I always felt that Gitlab CI was a lot more understandable. But in Gitlab CI, just as in Github Actions, you're usually running some container. And aside from the container you're also running some globally defined actions.

That's the most obfuscated part for me, the globally defined actions that can belong to any organisation in Github.

In Gitlab it was at most a globally defined git repo with templates, but you could somehow understand it better.

dqh

I've never liked the idea of community actions in the critical build path, so I use official actions/* when I can, and otherwise use actions/github-script to invoke the GitHub API via inline JavaScript when I can't.

donatj

> At a glance, this looks like an immutable reference to an already-released “version 2” of this action, but actually this is a mutable Git tag.
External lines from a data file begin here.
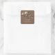 Cute love birds Bridal Shower square sticker featuring bride & groom birds sitting on a branch with green flowers set on a chocolate brown background. Great for bridal shower favour tags & envelope seals! Customize with your bridal shower information and you're all set to go! Matching invitations and postage stamps available in our shop www.celebrateitinvites.com.
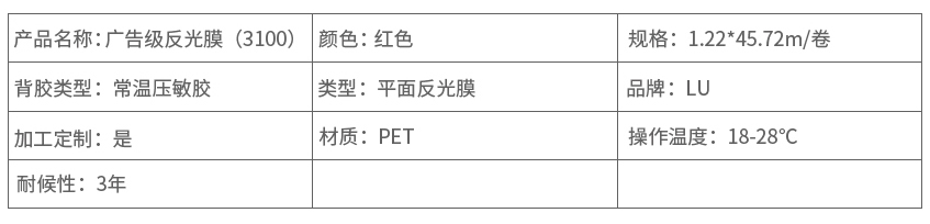 利用玻璃珠技术,微棱镜技术、合成树脂技术,薄膜技术和涂敷技术和微复制技术制成,是一种已制成薄膜可直接应用的逆反射材料,也是应用较为广泛的一种逆反射材料。抗拉性强、不易撕裂、耐磨、耐刮、耐撞击、耐冲洗,耐低温、耐汽油、柔韧性好、电脑刻画容易、施工简单方便,独特设计的背胶具有强度大、不腐蚀漆面的特点,产品具有较强的反光性能,良好的广角性能。
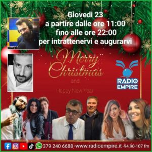 👉Domani 23 Dicembre dalle ore 11:00 alle 22,00 ci sarà la Maratona Empire Special Merry Christmas con tutti i programmi della settimana incentrati in un unico giorno per poter augurare un Buon Natale a tutti voi radioascoltatori.
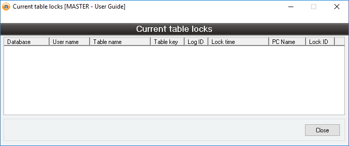 The locking subsystem operates transparently to the user. Users cannot manually add their own locks to the system but they are able to view which locks are currently in place for their database. Users with Administrator permissions can also view locks in all other databases that are being used.
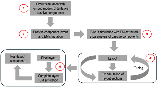 It is worth noting that despite the high computational complexity of such EM simulation, this is mandatory to properly estimate all the couplings taking place in the LNA, thereby helping to identify and eliminate potential sources of instability. However, a full EM simulation of the complete LNA layout was performed only at the final stage of the design process. Prior to this, iterative EM simulations of individual LNA sections—particularly the LC resonant networks—were conducted to guide the design according to the simplified procedure illustrated in Figure 6.
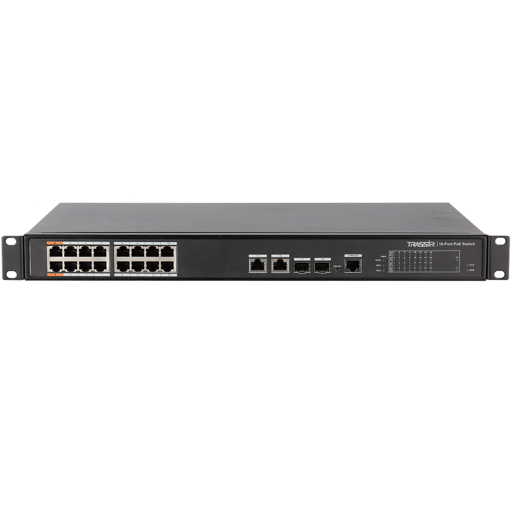 Управляемый PoE 16-портовый коммутатор TRASSIR TR-NS2218-240-16PoE с поддержкой Hi-PoE, до 250 м
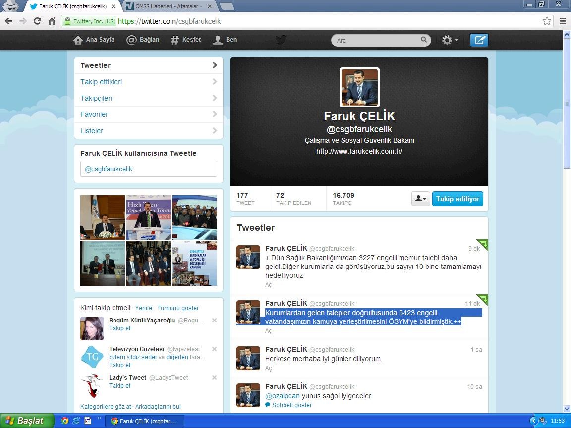 Bakan Faruk Çelik 06.02.2012 tarihli Resmi Twitter Hesabından attığı mesajında ÖMSS atamalarında kadroları 10 bine tamamlayacağız şekilde yeni bir açıklama yaptı. Aşağıda ilgili twitter mesajlarını görebilirsiniz.

If somebody changes the v2 tag in the tj-actions/changed-files repo to point to a different commit, this action will run different code the next time it runs.
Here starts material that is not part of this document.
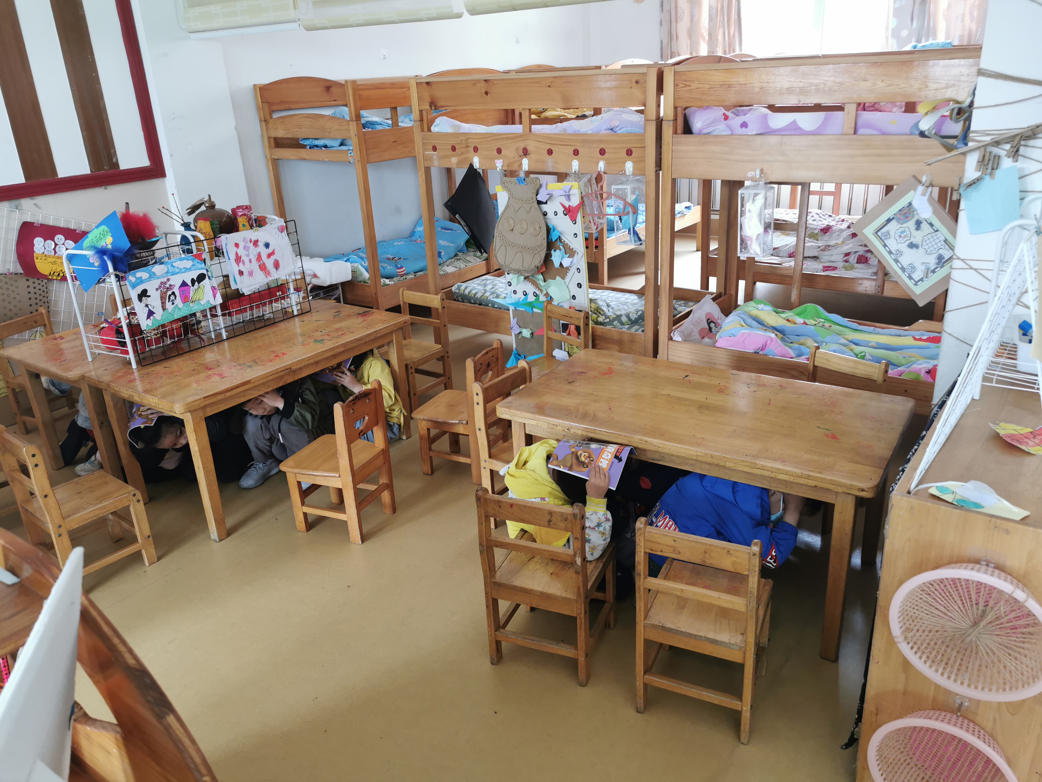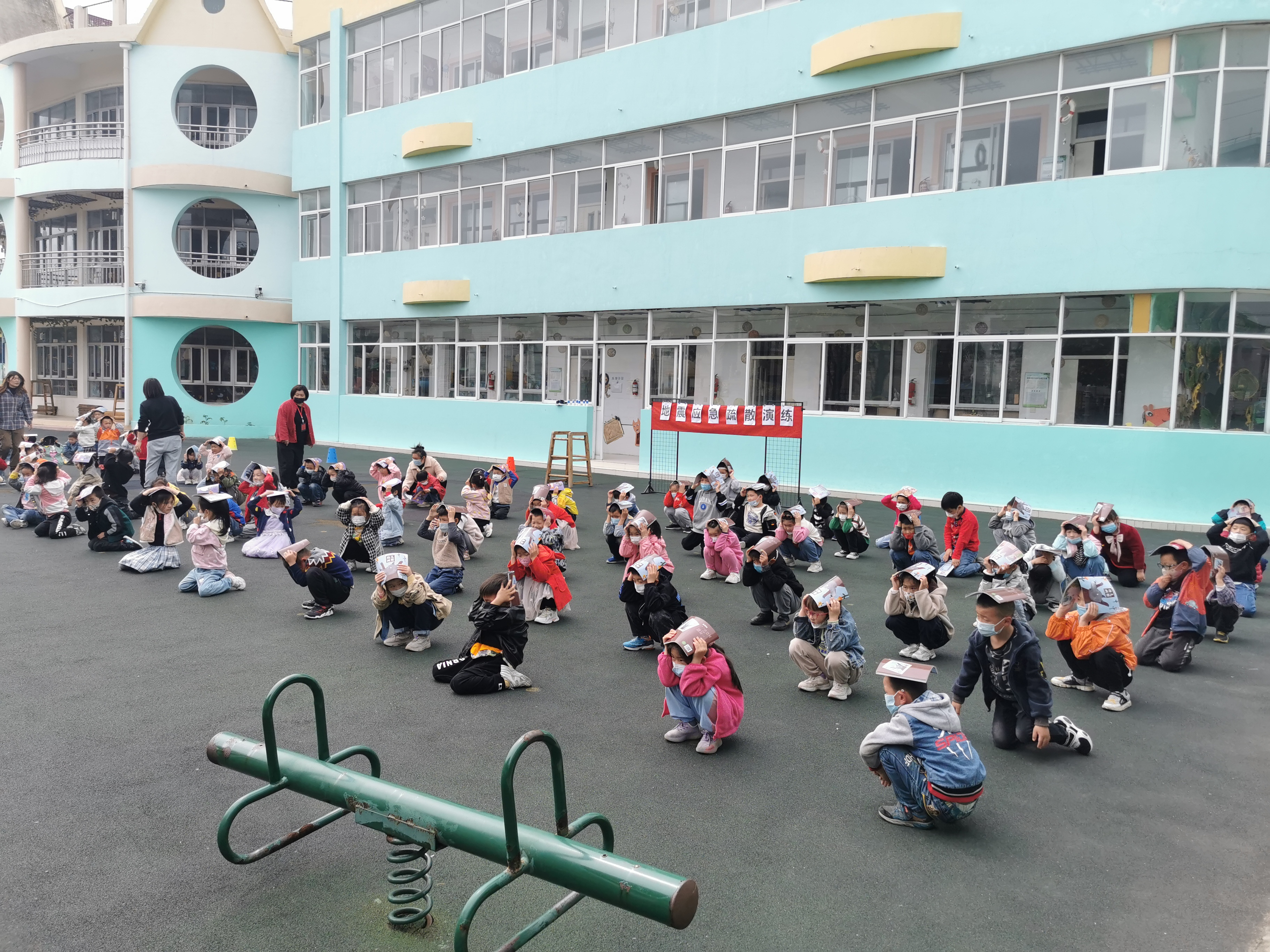 确保本次演练成功,学校负责人在演练前组织召开演练部署会议。相关教职人员熟悉路线及岗位分工,各班级在演练前对幼儿进行了防震疏散应急演练安全教育。随着第一次演练信号响起,防震疏散演练正式开始。班主任指挥幼儿进行紧急避险。幼儿能够第一时间双手抱头或拿起书本遮挡在头部,躲避在桌子下面。

The worst part of this is that this is BY DESIGN.

I maintain a small handful of actions. You are expected to, as an action maintainer DELETE and RETAG your major versions when you release a new minor or patch version. That is to say for instance your v2 tag should point to the same commit as your latest 2.x.x tag.

Not everyone does this mind you, but this is the default and the expected way of operating.

I was frankly kind of taken aback when I learned this. I know for a fact documentation of this used to exist, but I am failing to find it currently.

You can see GitHub themselves however doing exactly this here, with the v4 and v4.2.2 tags matching here (as of today, v4 will move in future)

https://github.com/actions/checkout/tags

sureIy

This is probably the dumbest design decision of GitHub Actions. You'd think that the biggest git platform would know better than asking you to force push every release. They should have just used branches, because that's exactly what they're for. Or they should have resolved the right tag themselves, like npm does.

CrimsonRain

I only use a handful of official github and docker actions. This behavior is something that I (and many others) want in that case.

Here @v4 is very similar to how you'd tag docker image v4-latest.

Ultimately, it should be a choice. Like you can do with package.json. Pin an exact, allow patch updates, allow minor updates or always latest etc.

Joker_vD

> Tags vs commit IDs is a tradeoff between convenience and security. Specifying an exact commit ID means the code won’t change unexpectedly, but tags are easier to read and compare.

Imagine if we could specify both the tag and its commit, and the runner would check, at run-time, whether the specified tag is still pointing to the specified commit. This would essentially "lock" the dependency. Although storing such "locks" inline would probably be a bit too ugly, maybe we could instead collect them all and store them in a separate "file of locks", so to speak. Does anyone know if something like this has been tried before or am I just making up stupid stuff?

ph3t

GitHub’s dependency graph is supposed to give us this kind of visibility without any custom scripting, but from my experience it’s pretty spotty and often misses dependencies entirely.

Also, the script from the article doesn’t cover transitive GitHub Actions dependencies. So if a third-party action you’re using relies on a vulnerable action internally, it won’t catch that.

password4321

This article appears to be in response to the linked Tj-actions/changed-files GitHub Action Compromised – used by over 23K repos discussed at https://news.ycombinator.com/item?id=43367987 10 days ago; not a duplicate as it discusses a detection tool but perhaps it rhymes.

TheRealPomax

Was this an auto-generated comment? Because yes, of course it's related, it's someone doing their own investigations based on the news.

password4321

I tried to point out that though the topic is a duplicate, the link does add additional value. Do you not think the previous discussion is worth linking? Yeesh

fergie

Right, but lets get real here: GitHub Actions is fundamentally insecure. You are blindly trusting upstream libraries and GitHub itself to respect and protect your secrets.